I have created two layers of the neural network and have one output. Let me how to show briefly about the code above:

We use TensorFlow, batch_size is the size of data that will train to model, we have 2 of tf.placeholder(tf.float32) one is image and one is a label.

Note: if we train large data to model it will more accuracy, less of data will have less of accuracy.

But it will use a large of memory too.

So, now I will train the model with 500 images each time (batch_size = 500).

Note: To train data to machine we will use sigmoid function : z = w.x +b. reference : http://neuralnetworksanddeeplearning.com/

Now we start to optimize by reducing cost.

COST is normal have algebra: cost = 0.5(label — prediction)²

optimizer = tf.train.AdamOptimizer(0.01).minimize(cost)

Rate default is 0.01

In this code I use 100 epoch and 2 iteration (my dataset have 1000 images and train 500 each time).

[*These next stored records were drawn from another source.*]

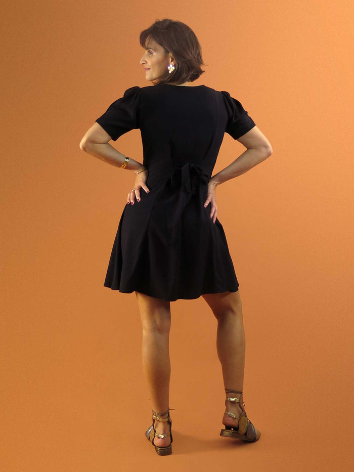 Vestido curto, com caimento confortável e corte acinturado. Possui um laço atrás que permite regular deixando a peça mais soltinha ou mais justa e acinturada. 💫 As mangas dão um charme todo especial à peça. Vai de um passeio para uma ocasião mais especial, com salto, tenis ou rasteira ele te acompanha em qualquer lugar! Me fala se não é maravilhoso?! 😍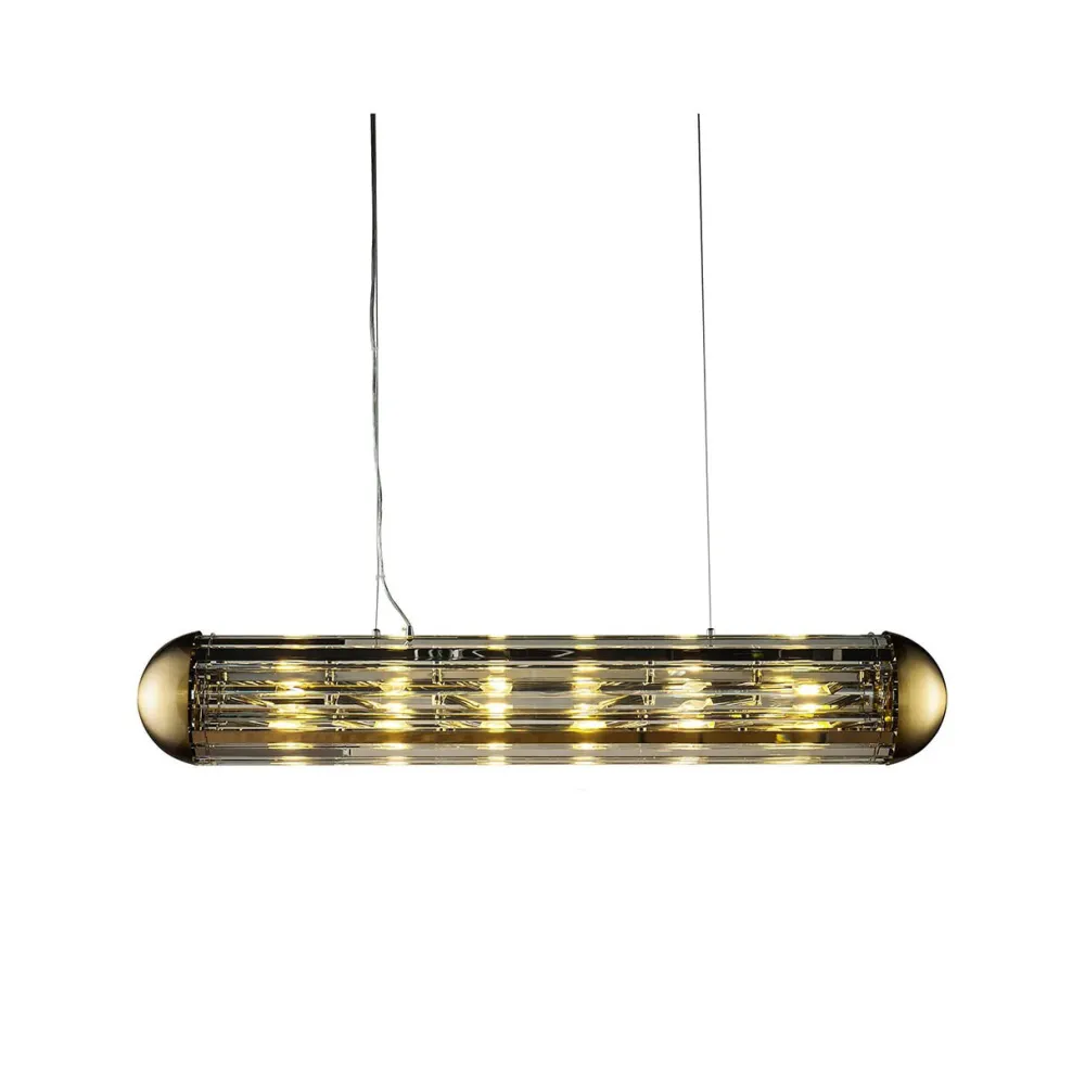 De hanglamp Mula is een stijlvol verlichtingsstuk dat modern design en verfijnde elegantie combineert. De langwerpige vorm, voorzien van heldere glazen panelen, zorgt ervoor dat het licht op een fascinerende manier wordt verspreid, wat een warme en uitnodigende sfeer creëert in elke ruimte. De afwerking van de lamp geeft een luxe uitstraling, waardoor deze lamp niet alleen functioneel is, maar ook als een decoratief kunstwerk kan dienen. “Mula” is ideaal voor gebruik boven een eettafel, in een keuken of in andere ruimtes waar een opvallende, maar toch subtiele verlichtingsoplossing gewenst is.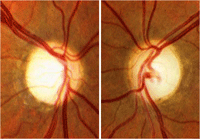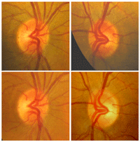 Figura 7. Neuropatía óptica tóxico nutricional. En la fase inicial el disco óptico aparece normal o existe una discreta hiperemia (arriba) En fase evolucionada, desaparecen estos fenómenos y se observa cierta palidez del cuadrante temporal en grado variable (abajo).
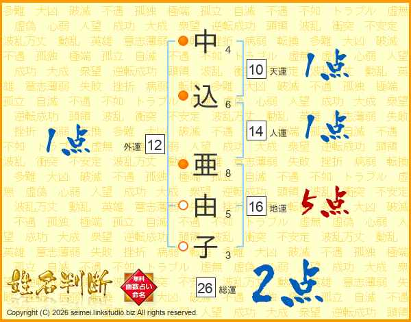 中込亜由子さんの総運は26画の2点!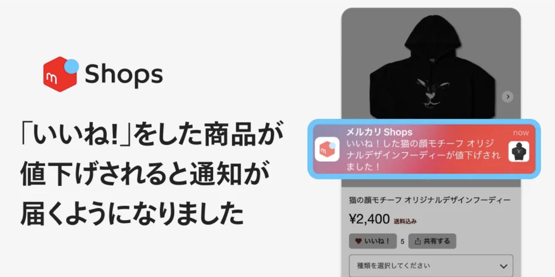「メルカリShops」では、気になる商品に「いいね!」をすると、「いいね!」をしたタイミングよりも商品価格が安くなったときに、メルカリアプリを通じてお知らせがきます。
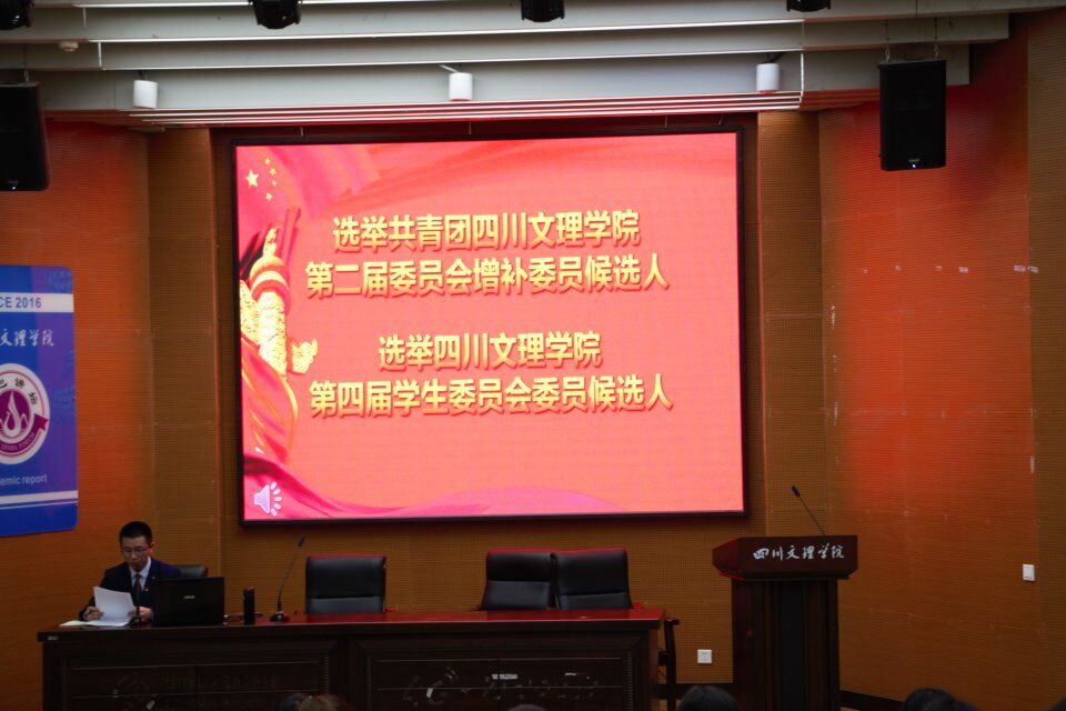 2018年11月7日下午,共青团四川文理学院第二届四次全委(扩大)会暨第四次学生代表大会JINNIAN金年会分团预选举会议在学术报告厅b厅召开。团总支书记周宏星老师与本次团学代表参加了会议。王琅主持。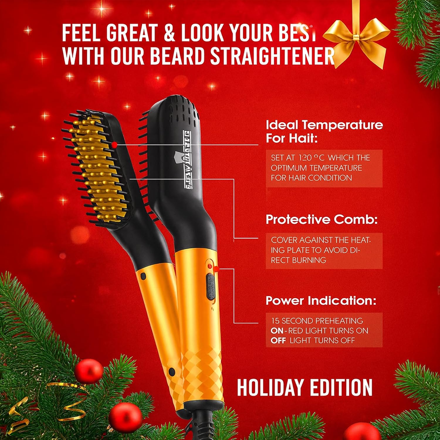 With grooming tools like a beard brush, nourishing oil, shaping balm, and more, this kit has everything you need for complete beard care. The heated brush features compact bristles that glide through all beard lengths and textures, while the dual heat settings ensure effective straightening for any beard type.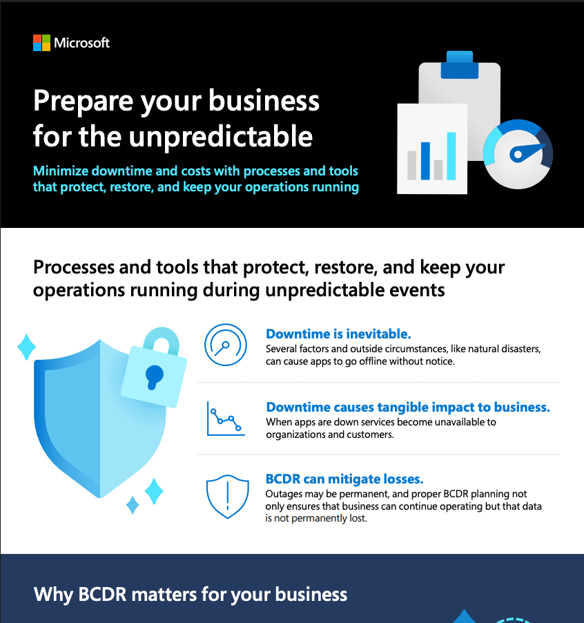 Anything can happen, and minimizing small- and large-scale disasters has become a business imperative.   A business continuity and disaster recovery (BCDR) strategy can help future-proof your business. BCDR plans ensure that if some unforeseen disaster does strike, your business can quickly navigate it with minimal operational or financial losses.   Check out this infographic to read more about BCDR and message us to find out how we can help. 🤝 #Azure

NOTE: Model should train more images and train more epoch to get more accuracy.

_,c,accuracy,y_predict,label_prediction = sess.run([optimizer,cost,accuracy,y_predict,label_prediction],feed_dict={x:batch_x,y:batch_y})

Here we feed placeholder x and placeholder y by batch_x, batch_y

After we have already trained our model to have to get training result to save to model

saver = tf.train.Saver()

saver.save(sess,model_path)

In this case, in process of save model if there is any error the model will train from the beginning.

The question is: how to restore the training process from where the epoch stop?

The answer is: we have to restore the process of saving.

if os.path.isfile(model_path + '.index'):
saver.restore(sess,model_path)
print('Model restore')

So, it will restore from where it stops.This saving process just saves the variable is not save the whole model. To deploy the model to the web to predict we have to save the whole model.The format that we will save the whole model is JSON format.

So, Here is it:

def save_model():
saver = tf.train.Saver()
if os.path.isfile(model_path + '.index'):
saver.restore(sess, model_path)
print('Model restore')
# sess.run(tf.global_variables_initializer())
path = './model/model_multi_column/'
dir_list = os.listdir(path)
if len(dir_list) == 0:
version = 1
else:
last_version = len(dir_list)
version = last_version + 1
model_save_path = path + "{}".format(str(version))
prediction_signature = (
tf.saved_model.signature_def_utils.build_signature_def(
inputs={'input_images': tf.saved_model.utils.build_tensor_info(x)},
outputs={'output': tf.saved_model.utils.build_tensor_info(tensorflow_serving)},
method_name=tf.saved_model.signature_constants.PREDICT_METHOD_NAME
)
)
builder = tf.saved_model.builder.SavedModelBuilder(model_save_path)
builder.add_meta_graph_and_variables(
sess, [tf.saved_model.tag_constants.SERVING],
signature_def_map={
'generate_images': prediction_signature
},
legacy_init_op=tf.group(tf.tables_initializer(), name='legacy_init_op'))
builder.save(as_text=False)

This saves the whole model after saving the variable.This thinks this introduction is enough to create a neural network, use CNN for image training, train model, save the model, and restore model.
Now, I want to show you the next step of how to deploy the model to the web to predict.
In this introduction I will use Tensorflow_serving the I will deploy the model.
I recommend using docker for TensorFlow cause it is easy and has already tensorflow_serving.

Reference:
https://www.docker.com/
https://www.tutorialspoint.com/docker/
https://www.vagrantup.com/downloads.html
https://www.virtualbox.org/wiki/Downloads

Prerequisite study:
-vitualbox
-vagrant
-ubuntu16(some comment line)
-git
-docker(image and container)
-NGINX or APACH

Now, I start my vagrant hostname host3 and I run docker container.
First, we need to check the docker repository by

#docker search tensorflow_serving

Note: In the ML program we need to know our program run on CPU or GPU. In my program, it runs on the CPU. So show check TensorFlow program that uses in CPU.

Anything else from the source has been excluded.